Functions for conversion between BFloat16 (16-bit Brain Floating Point) and 32-bit Floating Point numbers and other. More...
Functions | |
| SIMD_API void | SimdFloat32ToBFloat16 (const float *src, size_t size, uint16_t *dst) |
| Converts an array of 32-bit floats to 16-bit bfloat16 values. More... | |
| SIMD_API void | SimdBFloat16ToFloat32 (const uint16_t *src, size_t size, float *dst) |
| Converts an array of 16-bit bfloat16 values to 32-bit floats. More... | |
Detailed Description
Functions for conversion between BFloat16 (16-bit Brain Floating Point) and 32-bit Floating Point numbers and other.
Function Documentation
◆ SimdFloat32ToBFloat16()
| void SimdFloat32ToBFloat16 | ( | const float * | src, |
| size_t | size, | ||
| uint16_t * | dst | ||
| ) |
Converts an array of 32-bit floats to 16-bit bfloat16 values.

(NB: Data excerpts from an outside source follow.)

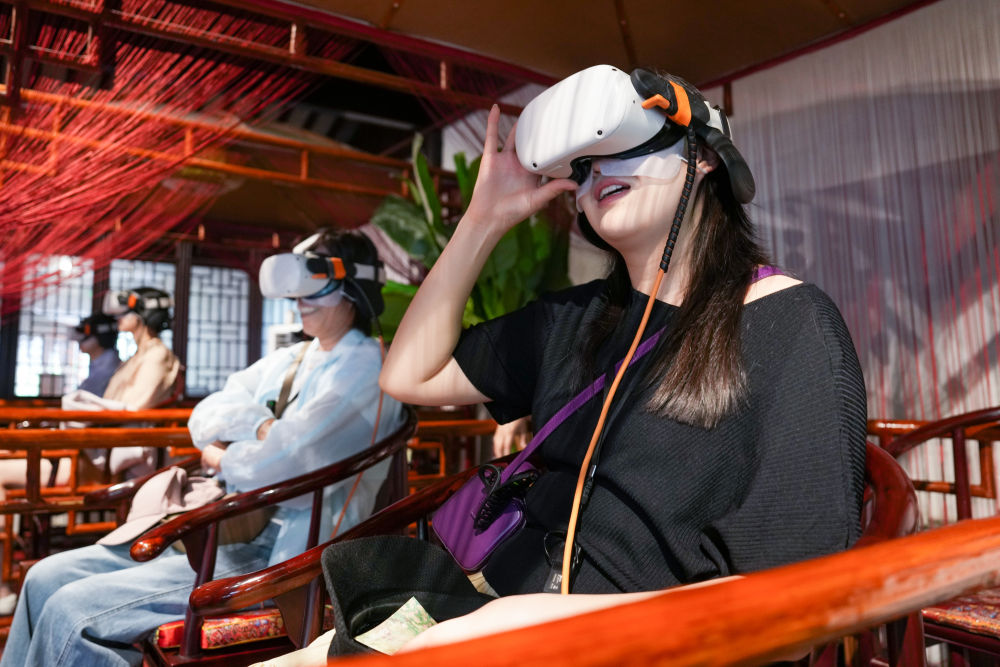 2025年5月18日,游客在江蘇蘇州拙政園體驗VR漫游。近年來,蘇州不斷推進(jìn)“數(shù)字園林”建設(shè),在園林整體數(shù)字建模、園林要素數(shù)據(jù)庫建設(shè)等方面開展探索,利用數(shù)字技術(shù)創(chuàng)造“數(shù)字云游”VR場景,打造“云游拙政園”“獅林園宇宙”“留園虛擬元宇宙”等項目,營造真實可感的虛擬空間,讓觀眾沉浸式感受蘇州園林的獨特魅力。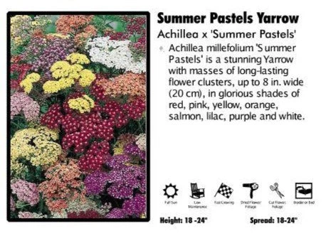 Achillea ‘Summer Pastels‘, ‘Summer Pastels‘ Yarrow. With a soft palette of pastel colored flowers, Achillea millefolium ‘Summer Pastels‘ is a stunning Yarrow with masses of long-lasting flower clusters, up to 8 in. wide (20 cm), in glorious shades of red, pink, yellow, orange, salmon, lilac, purple and white.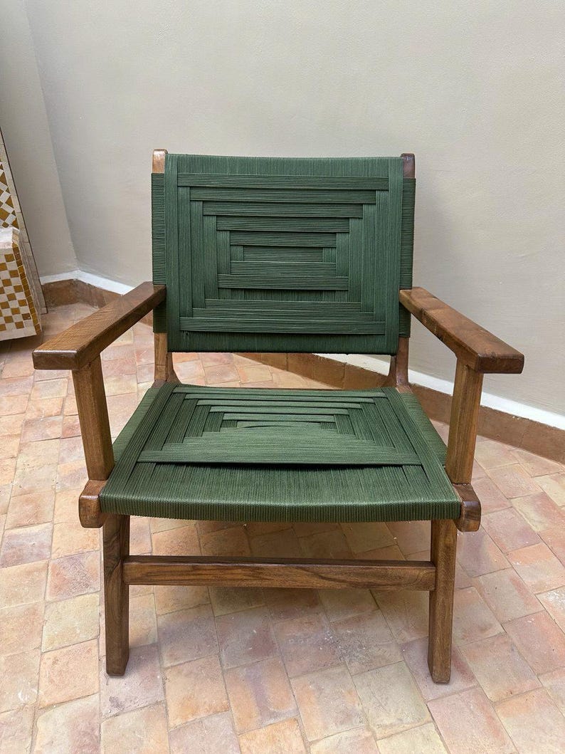 Bringen Sie marokkanische Authentizität in Ihr Zuhause mit diesem wunderschön handgefertigten Sessel aus massivem Nussbaumholz, von Hand mit natürlicher grüner Kordel geflochten. Das Design verbindet traditionelle Handwerkskunst mit einem modernen, minimalistischen Look – stilvoll und bequem zugleich.

For each element the function stores the bfloat16 representation of src[i] to dst[i]. The bfloat16 value contains the high 16 bits of IEEE 754 binary32 after rounding the discarded low 16 bits to nearest-even.
- Parameters
-
[in] src - a pointer to the input array with 32-bit float point numbers. [in] size - a number of elements in input and output arrays. [out] dst - a pointer to the output array with 16-bit bfloat16 values.
◆ SimdBFloat16ToFloat32()
| void SimdBFloat16ToFloat32 | ( | const uint16_t * | src, |
| size_t | size, | ||
| float * | dst | ||
| ) |
Converts an array of 16-bit bfloat16 values to 32-bit floats.
For each element the function expands src[i] to IEEE 754 binary32 by placing the bfloat16 bits into the high 16 bits of the result and setting the low 16 bits to zero.
- Parameters
-
[in] src - a pointer to the input array with 16-bit bfloat16 values. [in] size - a number of elements in input and output arrays. [out] dst - a pointer to the output array with 32-bit float point numbers.